To do:
Return the lines of the data below starting at the one holding "Aros Huggies Micropave" and ending at the one holding "无卡收款:支持多种无卡收款,包含云闪付、", word for word, leaving every picture out.

*** Records provided ***

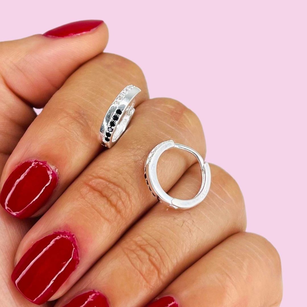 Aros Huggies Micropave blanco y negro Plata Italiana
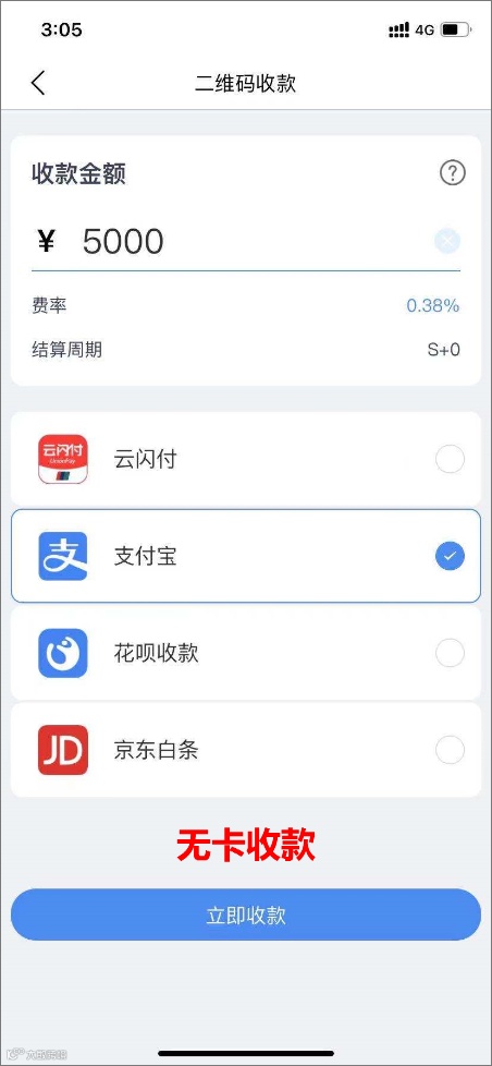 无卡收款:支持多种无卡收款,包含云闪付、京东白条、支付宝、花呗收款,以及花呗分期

*** End of Records provided ***
*** Records provided ***

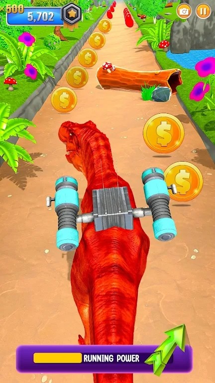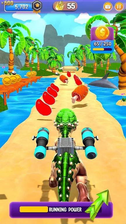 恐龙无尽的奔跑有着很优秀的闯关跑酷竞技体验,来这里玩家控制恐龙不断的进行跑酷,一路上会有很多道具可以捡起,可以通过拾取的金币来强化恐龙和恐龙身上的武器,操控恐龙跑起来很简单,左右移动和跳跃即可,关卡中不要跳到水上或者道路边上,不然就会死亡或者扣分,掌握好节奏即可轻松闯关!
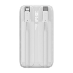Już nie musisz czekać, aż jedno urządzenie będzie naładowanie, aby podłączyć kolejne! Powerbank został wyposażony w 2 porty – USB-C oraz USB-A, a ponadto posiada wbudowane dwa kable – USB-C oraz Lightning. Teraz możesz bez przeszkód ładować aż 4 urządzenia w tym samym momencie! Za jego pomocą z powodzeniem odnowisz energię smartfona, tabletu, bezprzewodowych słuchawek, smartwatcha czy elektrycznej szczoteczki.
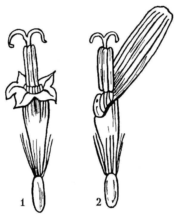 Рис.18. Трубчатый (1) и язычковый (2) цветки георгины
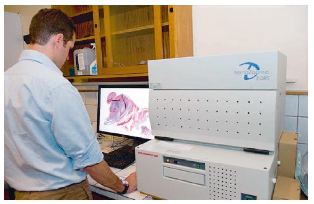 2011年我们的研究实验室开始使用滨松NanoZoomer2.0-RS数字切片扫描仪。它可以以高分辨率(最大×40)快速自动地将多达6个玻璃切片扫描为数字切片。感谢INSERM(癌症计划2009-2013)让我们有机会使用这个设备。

*** End of Records provided ***
*** Records provided ***

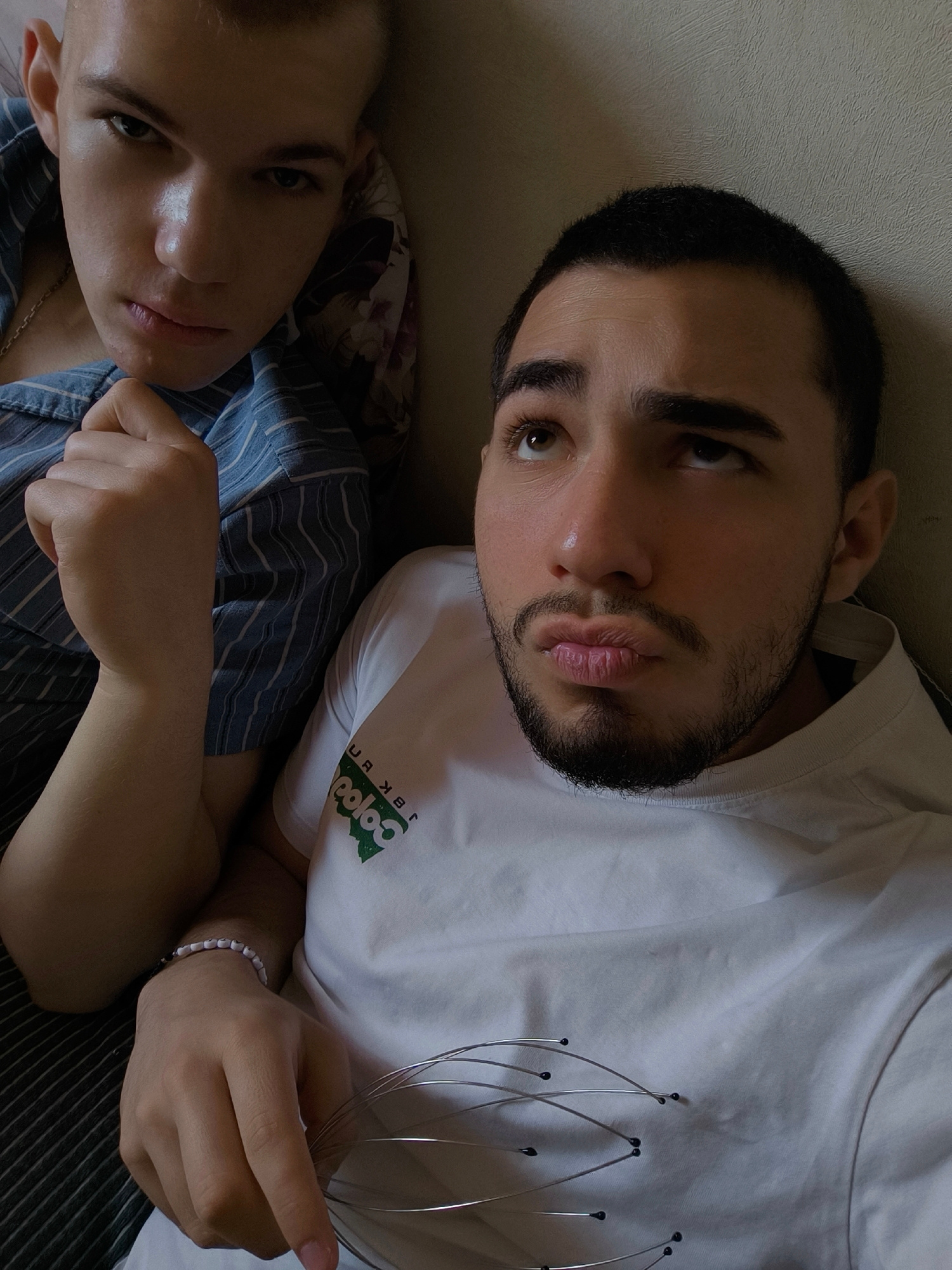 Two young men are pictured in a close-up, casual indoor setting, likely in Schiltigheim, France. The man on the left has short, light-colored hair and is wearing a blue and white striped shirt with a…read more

*** End of Records provided ***

Reply to the task:
 Aros Huggies Micropave blanco y negro Plata Italiana
 无卡收款:支持多种无卡收款,包含云闪付、京东白条、支付宝、花呗收款,以及花呗分期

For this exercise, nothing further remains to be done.